Les avantages de ces modes d’acquisition de la musique enregistrée qui sont l'instantanéité d’accès à la ressource, un coût défiant toute concurrence par rapport aux ventes de CD et dans le cadre du téléchargement illégal, la gratuité, mais aussi le fait que l’on puisse se passer de l’intermédiaire final amène, en effet, le consommateur à préférer tous ces modes de consommations( même si dans le cadre du téléchargement illégal, ce n’est pas de la consommation) plutôt que le disque.

Enfin un exemple assez isolé, celui de la musique en ligne, gratuite, poster sur des sites d’écoutes, de streaming tels que Youtube ou Deezer mais aussi diffusée grâce aux radios en ligne ou aux radios adaptatives (exemple :musicmatch).
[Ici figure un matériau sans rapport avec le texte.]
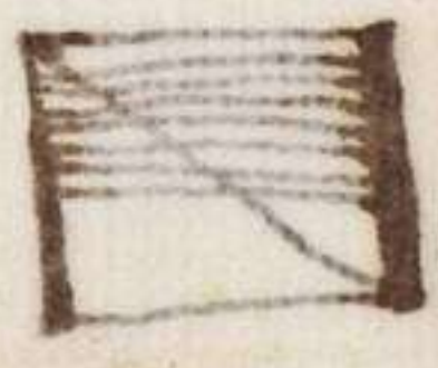
Fig. 4.° variis mathematicis angulis. l. q. dicitur. cont. ab Euclide, demonstratum fuisse omnes lineas in se & quales esse diuisibiles; si si demus lineam partem tribus punctis non posset induci partes & quales diuisi: ergo non componit: ex his punctis 5.° si potest abso lute negari hoc esse demonstrabile, nec demonstra- tum. et potest dici et certum hoc esse demonstrabile per se de punctis sensualem lineam, non vero de indivisibilibus, que sentiri nequeunt. esse nihil 2.° nos

5.° dicimus, quod debet esse continui, seu in continuatione positi; ad prob. D. dingo A. continui eos habita verum, condicio falsum; verum quidem est, quod ut puncti constituit continuum debent uniri, et fieri unus ex ipsis, existunt enim habet ultimum, et primum, altam individua, in seipsis fortiter. non de- bent habere ultimum quia in se solent continui non sit in diuisionem continui significent, solentibus sunt continui in composito ex ipsis, in quo est primum, et ultimum;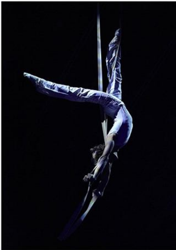
Obrázek 4 Představení Antonia s číslem Washington Trapez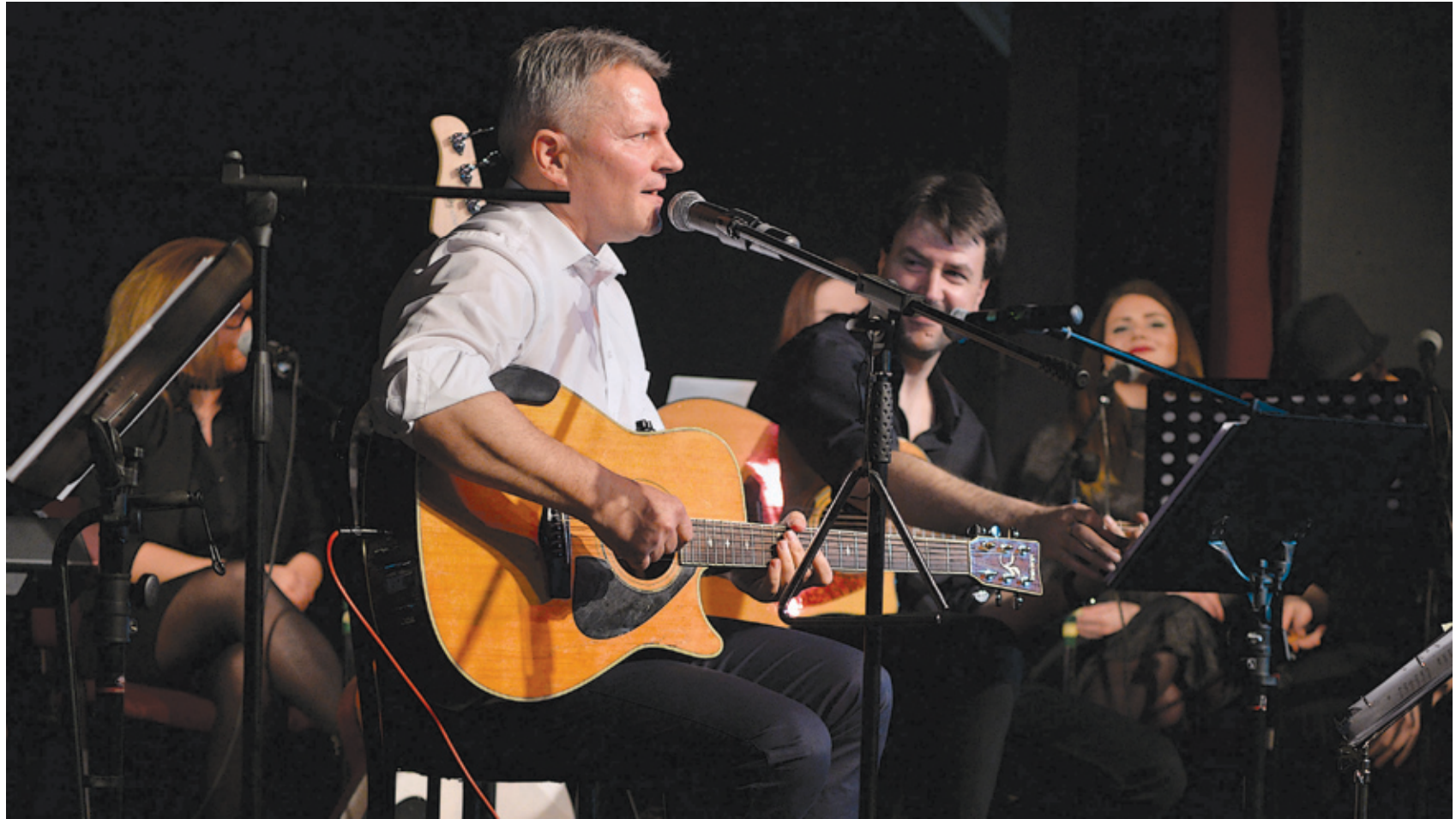
Kucsák László országgyűlési képviselő idén is jótékonyági koncertet ad a barátaival

„Ott leszek! És viszem a családot is! Tavaly voltam először, fantasztikus hangulat volt!” – írja egy hölgy az országgyűlési képviselő Facebook-oldalán az eseményt népszerűsítő videóra rea-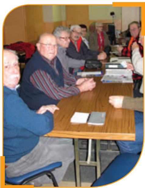
Assemblée générale 2014

(Anciens combattants Algérie, Tunisie, Maroc)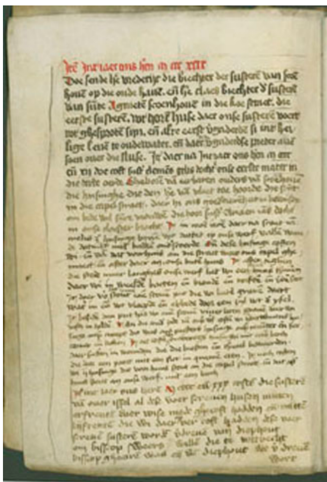
Afb. 6. Zie MeMO text carrier ID 106 en Commemoration in the convent Mariënpoel: prayer and politics

Objecten en handschriften die een rol speelden binnen de dodengedachtenis zijn allemaal te beschouwen als gebruiksvoorwerpen. Verhalende bronnen konden bijvoorbeeld worden voorgelezen ter educatie en tot gedachtenis. Kalenders waarin de te verrichten memoriendiensten waren aangetekend, dienden om instellingen te herinneren aan de verplichtingen die men had jegens hun weldoeners en wanneer de diensten moesten plaatsvinden (afb. 7). Memorievoorstellingen en grafzerken waren onder andere bedoeld om de gelovigen op te roepen tot gebed voor de overledenen.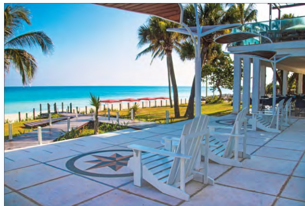
Mystique Casa Perla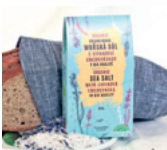
ORGANIC HRUBOZRNÁ MOŘSKÁ SŮL S LEVANDULÍ CHODOUŇSKOU

ORGANIC SEASALT WITH LAVENDER CHODOUNSKA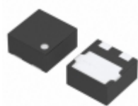
XC6120C232HR-G Torex Semiconductor Ltd. IC SUPERVISOR 2.3V 3-USP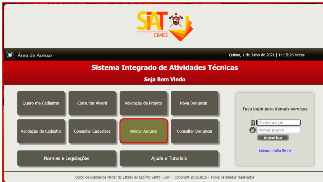
Figura 6 – Tela inicial do SIAT destacando o botão Validar Arquivo.

Clicar no botão Validar Arquivo , como indicado na Figura 6.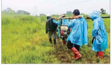
လျှပ်စစ်နှင့် စွမ်းအင်ဝန်ကြီးဌာန ဝန်ထမ်းများက ရာသီအချိန်မရွေး လျှပ်စစ်ဓာတ်အားစနစ် ပြင်ဆင်နေမှုများကို တွေ့ရစဉ်။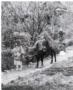
背に薪を載せた牛を牽き、自らは薪を一束頭上にいただいている小原女(八瀬の女性)。大正7年(1918)4月1日～昭和8年(1933)2月14日。

鞍馬あるいは大原まで炭を人力・畜力で運んで売ったのですが、炭の運び先が鞍馬であることが多かったからです。大原と京都間の道は狭いので、大原と京都間の道は狭く、そこでは牛馬がすれ違うことも困難でしたが、鞍馬と京都間はそれより道幅が広く、牛馬がすれ違うことができました。鞍馬と京都間の岩倉、松ヶ崎、上賀茂、下鴨、紫竹などの村人が、農間に牛馬を連れて鞍馬へ行き、炭を牛馬の背に載せて京都まで運び、鞍馬と京都間の流通が確立されていたからでしょう。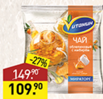
Чай ВИТАМИН Мираторг, облепиховый, с имбирем, 300 г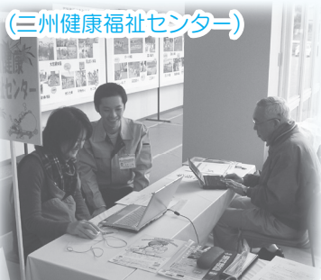
(三州健康福祉センター)

健康診査の結果を入力し、若さが明らか！自分の体の年齢を知っておくことも大切です。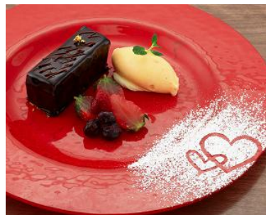
「チョコレートと ヨーグルトのムース 濃厚なヴァニラ アイスクリーム添え」

プラス300円でデザートを 『バレンタイン“とろーり” ペア雪見』に変更できます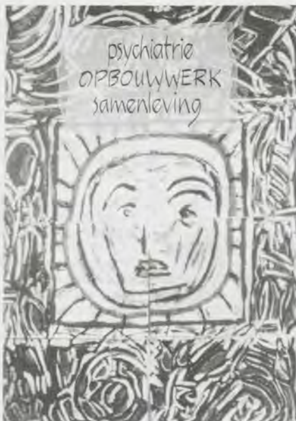
Omslag van het verslag van de werkconferentie 'Categorieel opbouwwerk in vier stadsdelen', 13 juni 1991, Amsterdam.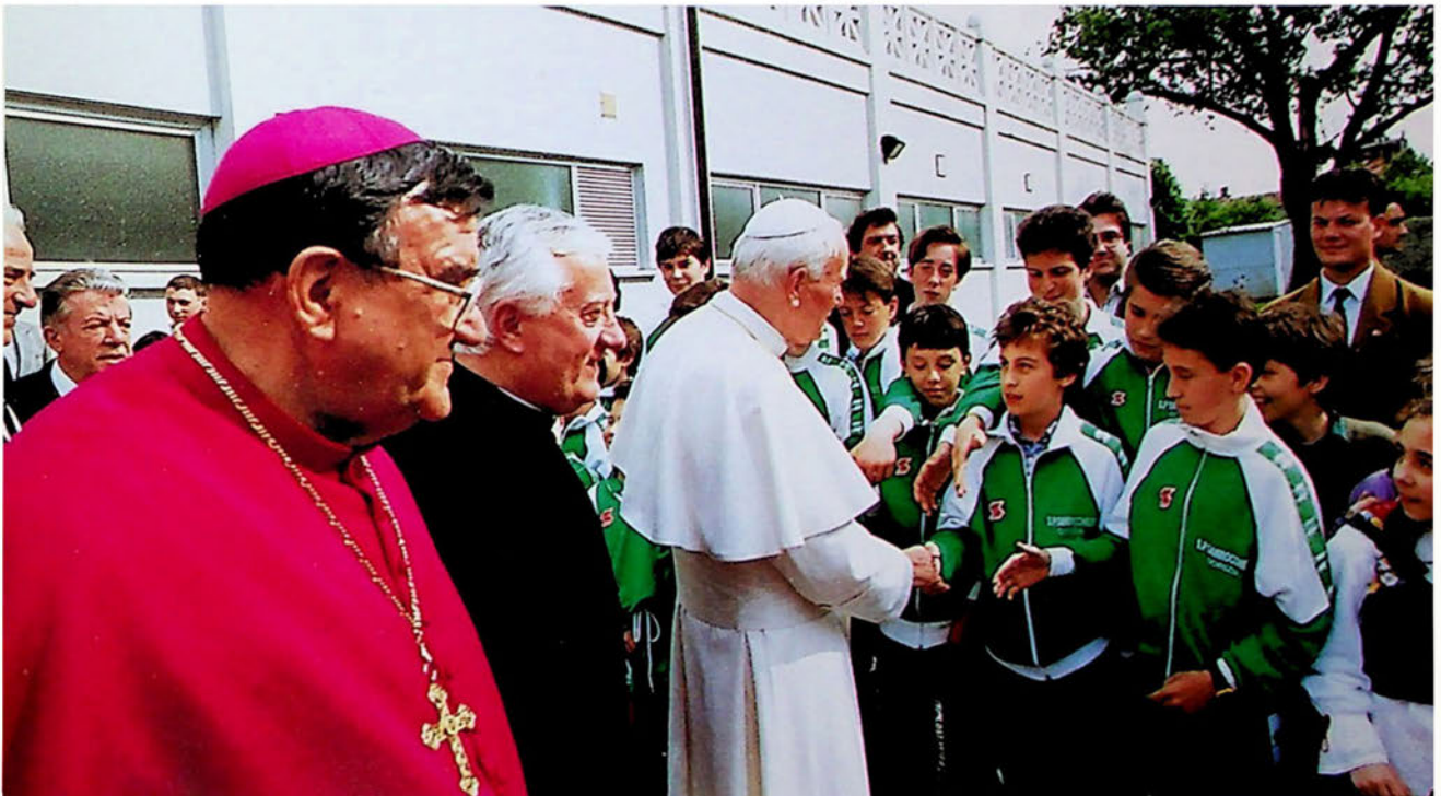
Giovanni Paolo II all'uscita dallo stadio Baiamonti si intrattiene con i giocatori e i dirigenti della S.P. Sanrocchese.

tant di podê emplâ parfin un libri cussì penz di tramandâlu cun braùra a chei ch'a vignaràn. Eco culi una da tantis situaziions vivuda in prima persona di cui ch'al scrîf, sperant che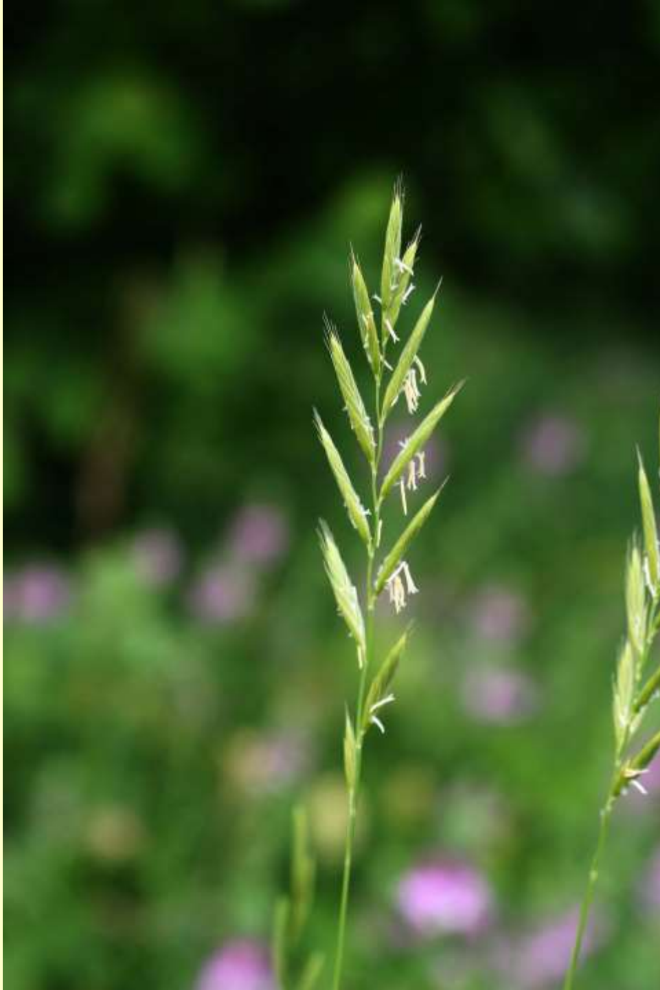
Backskafting, Brachypodium pinnatum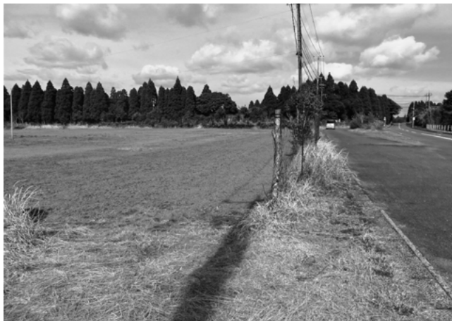
移住者を受け入れた長屋跡現在の様子

た。その後、昭和十年（一九三五）ごろから、奄美大島からの移住者が急激に増え、現在は大半が奄美大島出身者であり、初代の桜島移住民は、わずか四戸だけである。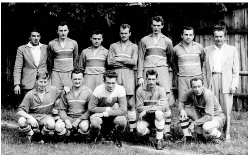
Před zápasem ve Vrahovicích, rok 1961

La musique en ligne est encore une forme de consommation nouvelle, récente qui s’inscrit dans le mouvement de dématérialisation de la musique.

Aussi comme l’énonce le quotidien français Le Monde, en 2008, la chute du marché du disque est en grande partie du à « l’arrivée massive de nouveaux médias (téléphonie, Web, baladeurs numériques …) et les habitudes de gratuités acquises par les consommateurs ».                                                                       
Mais même si les majors et les labels n’hésite pas à pointer du doit Internet et les pirates qui certes occupent un grand rôle dans cette crise puisqu’ils en sont en majorité responsable, un autre facteur significatif de cette crise que l’on appellera le conservatisme des industries musicales entre aussi en compte.



Le conservatisme
DES INDUSTRIES
MUSICALES

À chaque évolution technologique, que ce soit la radio, la cassette audio, la magnétoscope, les lecteurs mp3 et maintenant Internet, les industries culturelles ont toujours donné de fausses alertes.
La guerre juridique contre les innovations d’Internet a commencé en 2000 avec Napster. Ensuite les industries culturelles ont tardé à  mettre en place des offres légales. Actuellement, l’offre du téléchargement légal est  très restreinte, et soumise à peu de concurrence, ce qui ne favorise ni l’innovation, ni  l’attractivité des ces offres. Actuellement les ventes de CD chutent alors que l’offre légale commence à décoller.
Dès qu’on aborde le débat de la musique sur Internet, on entend dire que  le téléchargement illégal est la cause de la baisse des ventes de CD. Donc le téléchargement illégal tuerait  les maisons de disque, les petits artistes et les métiers de la musique.
Il faut remettre en cause ce raisonnement. Premièrement, il ne faut pas faire l’amalgame entre la  vente de CD et la rémunération des artistes. Les artistes et les maisons de disque ont d’autres revenus que le CD, dont certains qui sont apparus en même temps que le téléchargement illégal, comme le DVD. Et il y a d’autres revenus qui restent à inventer, à perfectionner, notamment le téléchargement légal.
Deuxièmement, le principal reproche fait au téléchargement illégal est d’entraîner la baisse des ventes de CD. Cependant  aucune étude scientifique sérieuse n’a démontré la causalité totale entre baisse de ventes du CD et essor de l’Internet à haut-débit. Il y a certainement eu effet sur le CD, mais il n’explique pas tout, loin de là.
D’ailleurs, une étude demandée par le gouvernement canadien en 2007 a montré que ceux qui téléchargent le plus sur les réseaux peer to peer illégaux, sont aussi ceux qui achètent le plus de CD, ceux qui vont le plus aux concerts, etc.
Les baisses des ventes du CD ont de multiples autres raisons. Premièrement, ace aux nouvelles technologies, le CD est un support obsolète, de qualité complètement dépassée. En plus, il est trop cher, les marges réalisées sont bien  trop importantes et c’est ici encore que l’on retrouve ne forme de conservatisme chez les producteurs qui ne veulent pas baisser ces prix ou très difficilement. On remarque d’ailleurs que le disque vinyle était de plus grande qualité de son, et bien qu’il coûtait  plus cher à produire, il était vendu moins cher que le CD !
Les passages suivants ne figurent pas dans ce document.